Site se dispôs a encontrar possíveis herdeiros do Epstein, que foi encontrado morto no ano passado

Caio Tortamano Publicado em 25/05/2020, às 13h09

Empresário Jeffrey Epstein
Empresário Jeffrey Epstein - Divulgação

Em uma plataforma virtual, 130 pessoas reivindicam a paternidade do investidor milionário Jeffrey Epstein, envolvido em um grande escândalo de pedofilia e encontrado morto na cadeia em que estava detido até agosto de 2019. O site foi criado por uma empresa de DNA, que alega que a vida sexual promíscua de Epstein tornava possível a existência de um herdeiro.

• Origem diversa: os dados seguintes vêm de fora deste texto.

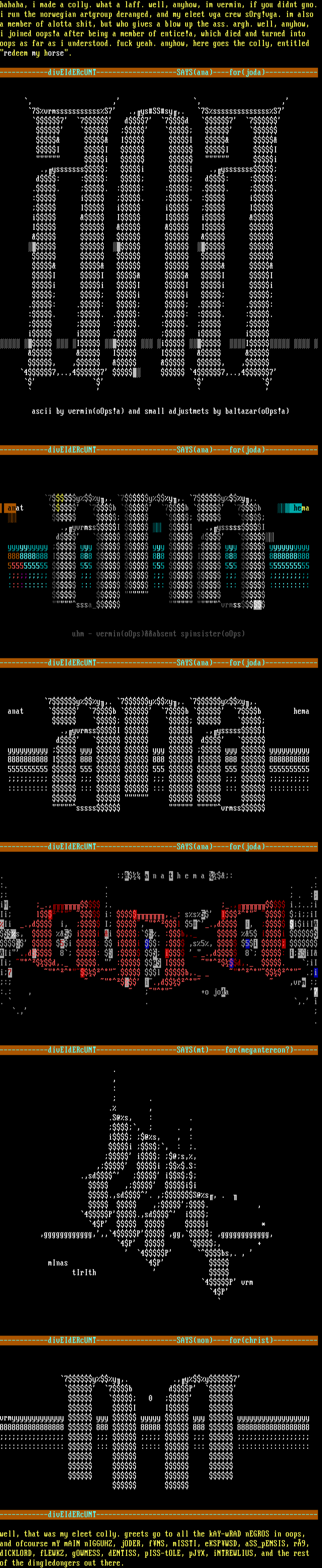 hahaha, i made a colly. what a laff. well, anyhow, im vermin, if you didnt gno. i run the norwegian artgroup deranged, and my eleet vga crew sOrg!vga. im also

A fortuna do empresário morto está avaliada em mais de 600 milhões de dólares, e, caso alguma dessas pessoas seja, de fato, filho de Epstein, poderá recorrer legalmente a parte da fortuna. Harvey Morse, diretor do projeto, explicou que caso sua empresa, Morse Genealogical Services, tivesse acesso a um possível herdeiro, entraria na Justiça americana para a reivindicação de direitos.

O caso do empresário causou escândalo após alegações da existência de uma rede de tráfico sexual com menores de idade. Atualmente, sua herança está confiada em um grupo de investimentos assignado por ele, dois dias antes de morrer, em um testamento.

Apesar de existir possíveis herdeiros, o destino mais provável das propriedades do empresário — que incluem uma mansão em Manhattan, um rancho no Novo México, uma casa em Paris e duas ilhas privadas — seria um fundo de ajuda para as vítimas que Epstein deixou.